[Bataille op.cit. cont.]
That nauseous rank heaving matter, frightful to look upon, a ferment of life, teeming with maggots, worms, grubs, eggs and slime is at the bottom of the decisive reactions we call nausea/disgust/repugnance.
Beyond the annihilation to come that will fall with all its weight on the being that I now am, which still waits to be called into existence, which can even be said to be about to exist rather than to exist (as if I did not exist here and now but in the future in store for me) death will proclaim my return to seething life.
Hence I can anticipate and live with the expectation of that terrible putrescence that anticipates its triumph in my person. {Consider Heidegger on death}
But I only anticipate – for I shall never actually ‘experience’ it. My revulsion is an aesthetic – no post-reflection.
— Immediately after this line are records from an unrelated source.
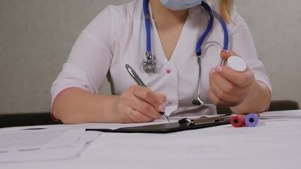 Physician writing prescription to diabetes patient at hospital. World diabetes day. Health care medical concept.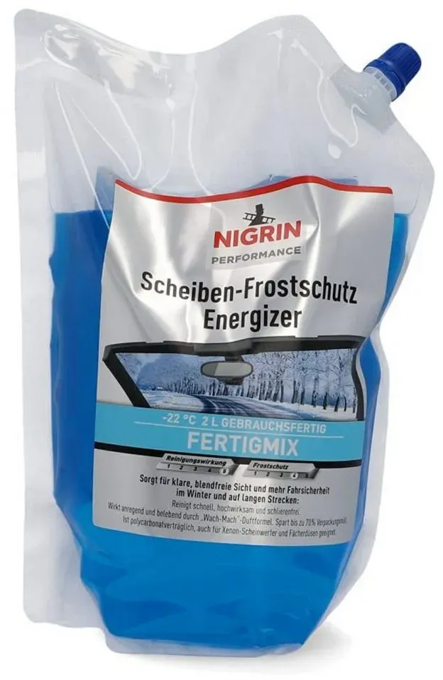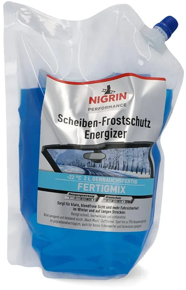 11 Händlerangebote bei billiger.de - Kategorie: Autoreinigung & Pflege - Nigrin - EFFEKTIV: Der Scheibenreiniger Fertigmix ist wirksam bis -18 C BELEBEND: Die 'Wach-Mach' Duftformel stärkt die Aufmerksamkeit und unterstützt die Konzentration DURCHBLICK: Der NIGRIN Performance Scheiben-Frostschutz Energizer sorgt für eine klare und blendfreie Sicht GRüNDLICH: Der Scheiben Frostschutz reinigt schlierenfrei Front- und Heckscheiben GUT VERTRäGLICH: Das NIGRIN Scheiben-Frostschutz Energizer ist gut verträglich mit Kunststoffen wie Polycarbonat. Auch für XENON-Scheinwerfer und Kunststoffdiffusoren ist dieses Scheibenfrostschutzmittel gut geeignet. - GTIN:4008153046766 Ein praktischer 2-Liter-Beutel Fertigmix bis -22°C, der leicht zu lagern und zu entsorgen ist. ![]() ![]() Nigrin Scheiben-Frostschutz 22 c, 2 Liter/ Beutel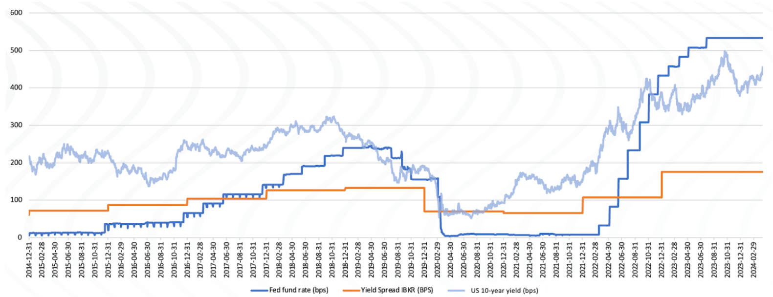 The graph below shows a connection between the average earnings IBKR gets from customer cash and the interest rate set by the central bank.
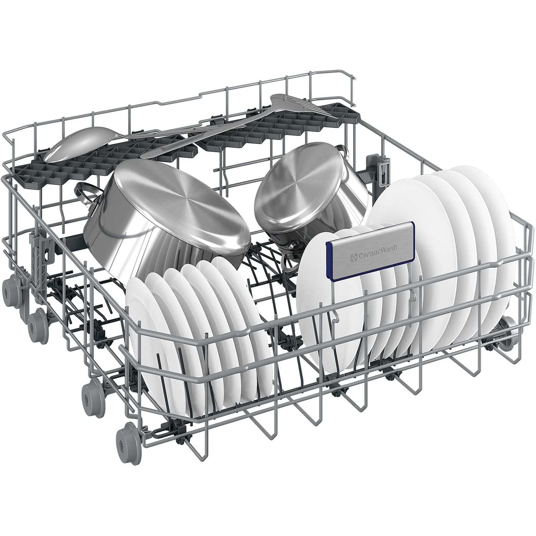- Flexible Beladung: Oberkorb 3-fach höhenverstellbar (auch beladen), umklappbare Tellerreihen, herausnehmbare Besteckschublade plus VarioSlide-Besteckkorb.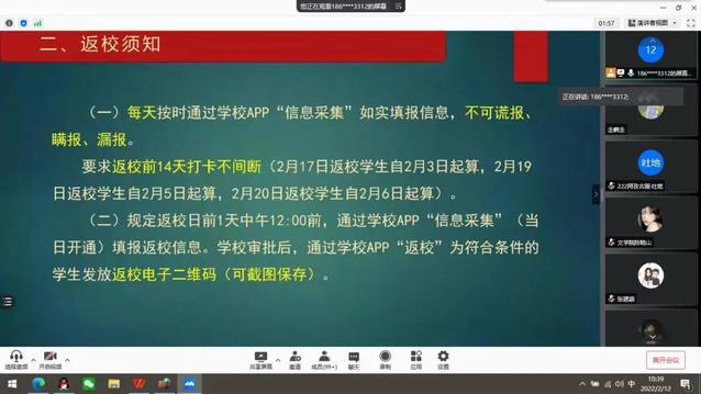 为贯彻落实公司疫情防控工作要求,保障公司2022年春季学期开学工作平稳有序进行,根据公司员工工作部《关于做好2022年春季学期员工返校工作的通知》要求,公司于2月11日召开春季学期员工返校“云”班会,班会由各年级辅导员主持。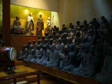 本尊の釈迦如来は像高356センチメートル、五百羅漢は像高78.1から90センチメートル、すべて寄木造(よせぎづくり)です。漆箔の像で、大多数は眼を彫り出しています。ほとんどの像を松雲元慶(しょううんげんけい)禅師(1648年から1710年)が彫刻しました。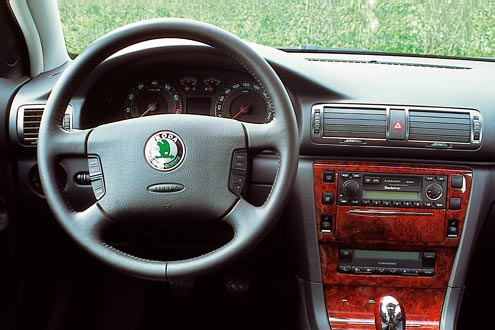 Passt sich der äußerlichen Erscheinung an: das Cockpit des Tschechen.Die Rundumsicht in der Stufenhecklimousine ist so hervorragend wie die eingesetzten Materialien und die Verarbeitung. Für die gute Fahrerposition sorgen sowohl die elektrische Sitzverstellung als auch die ergonomisch geformte Armaturentafel. In dem vertikal und axial verstellbaren Vierspeichenlenkrad und der fast bis zu den Rücksitzen reichenden Mittelkonsole setzt sich die durchdachte Innenraumgestaltung fort. Zwischen den Vordersitzen befindet sich die temperierte "Travel-Box", deren Deckel zugleich als Armstütze für Fahrer und Beifahrer dient. Zahlreiche Ablagefächer bieten ausreichend Stauraum für Reiseutensilien. Im Kofferraum ist ausreichend Platz für normales Reisegepäck. Das Innenraum-Design ist zwar wohltuend zurückhaltend. Wurzelholz-Applikationen sind allerdings ein glatter Stilbruch. Wertung: 90 von 100 Punkten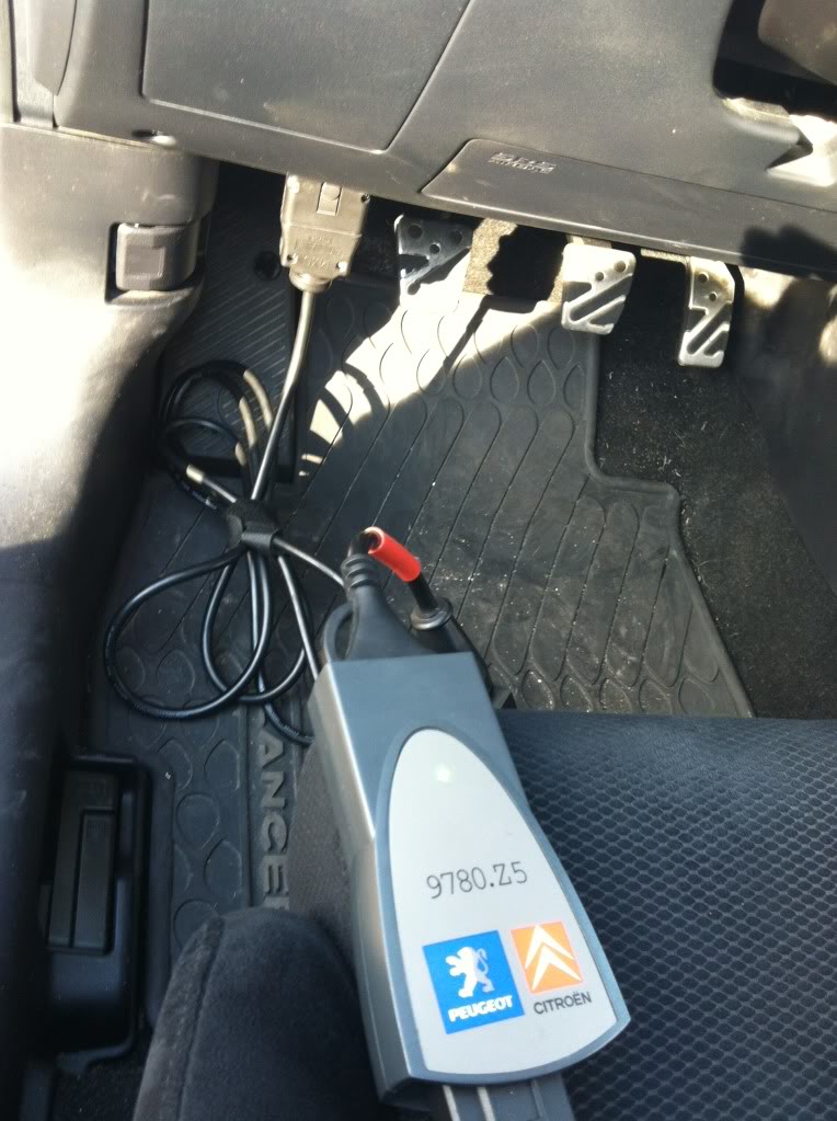1) Locate your vehicle diagnostic socket and plug the Lexia 3 interface into the OBD port.

It is in the nature of this fear – the basis of disgust – that it is not stimulated by a real danger. The threat in question cannot be justified.
The recoiling at the sight of advanced decay is not of itself inevitable. Along with this reaction is a whole range of artificial behaviour.
The horror we feel at the thought of a corpse is akin to the feeling we have at human excreta. What makes this association more compelling is our similar disgust at aspects of sensuality we call obscene. The sexual channels are also the body’s sewers. There are unmistakeable links between excreta, decay and sexuality.
It is difficult to make tangible this sense of nausea. It is a kind of void, a sinking sensation.